本日の稽古初め、コーコーさんと打人の実験をしました。
平馬で動くことなく、ちょこんと打つという發勁の練習です。
これは私が高級技法として習ったもので、コーコーさんは初めて行う物でした。
立ち方も重心も変えない、スタトンの発勁法なので、頭では習ったことをわかっていてもつい格闘技的な打ち方をしてしまう人には大変困惑を招くものです。
人間、どうしても欲に流されてよけいなことをしてしまう。しかし、我々の拳はタオの拳。法の拳です。自我を主とするのではなく、内を空に澄ませて天地に働く力をただ通すことを学ばなければなりません。
未経験の状態では、やはりどうしても断片的な力を使ってしまいます。一発目は私の腹筋に当たり、ボン、と芳しい音を立ててはじかれました。
これは大変面白いことです。かつて格闘技をしていたころには、こうやって筋肉の厚さで攻撃をはじき返してきたものです。つまり、コーコーさんの一打目は完全に格闘技的なパンチだったということです。
この失敗を体験したことで、どうやら諦めがついたようです。気持ちを切り替えて、二度目で教えに忠実に、結果はどうなってもいいやという気持ちでなのか、すっとただ手を伸ばしてくれました。
それがさっきと同じ場所に触れると、私の内側、仙骨にまっすぐ突かれた感覚が伝わってきました。
これです。これが内側に浸透して中に干渉してくる我々の勁力です。威力が強くなっていたなら、私の仙腸関節はゆがまされてしまい、ことによっては歩くこともできなくなっていたでしょう。
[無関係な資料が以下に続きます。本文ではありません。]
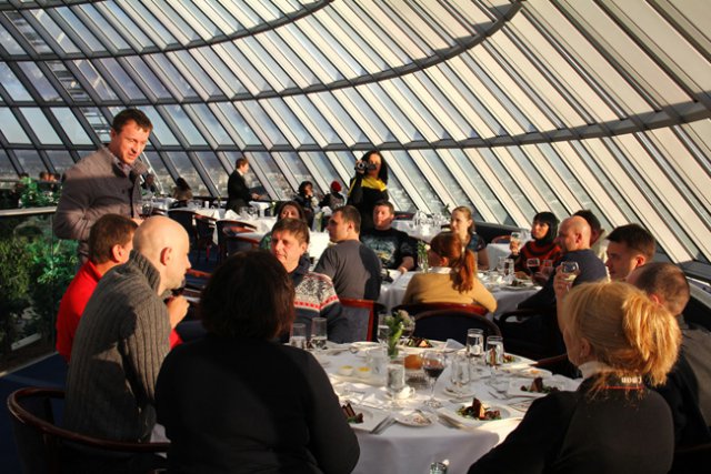«Потрясающие впечатления первого знакомства с Исландией» завершились ужином в «Деревне викингов», где путешественники, погрузившись в суровую атмосферу бытия древних викингов, отведали блюда аутентичной исландской кухни, в том числе мясо акулы, тминовую водку и многие другие местные «деликатесы».

外形に捉われず、伝承通りにただやる。これが暗勁の体得には重要です。
しかし、人間どうしても不安になって力感を内側に作って安心したくなってしまう。しかし、それは失敗のもとです。
確認はエゴの欲求であり、自然にあるものではありません。タオに乗っ取ったものではない。則天去私こそが私たちの武術です。ただやれば成功する。
この我々の武術の勁力を、私は弁慶の勁力と言いました。
死んでも倒れない立往生の整勁です。
対して、体重移動の発勁は牛若丸です。
ある有名な北派の先生は、発勁は走り幅跳びで相手の中に着地するのだと言いました。まさに欄干を飛び移り、八艘飛びを切る体技です。
しかし我々は、ただ立ち続け、身じろぎもしない定力を求めます。
それにより、ただ軽く触れただけで相手をフっ飛ばし、バラバラにしてしまう金剛力を生み出すのです。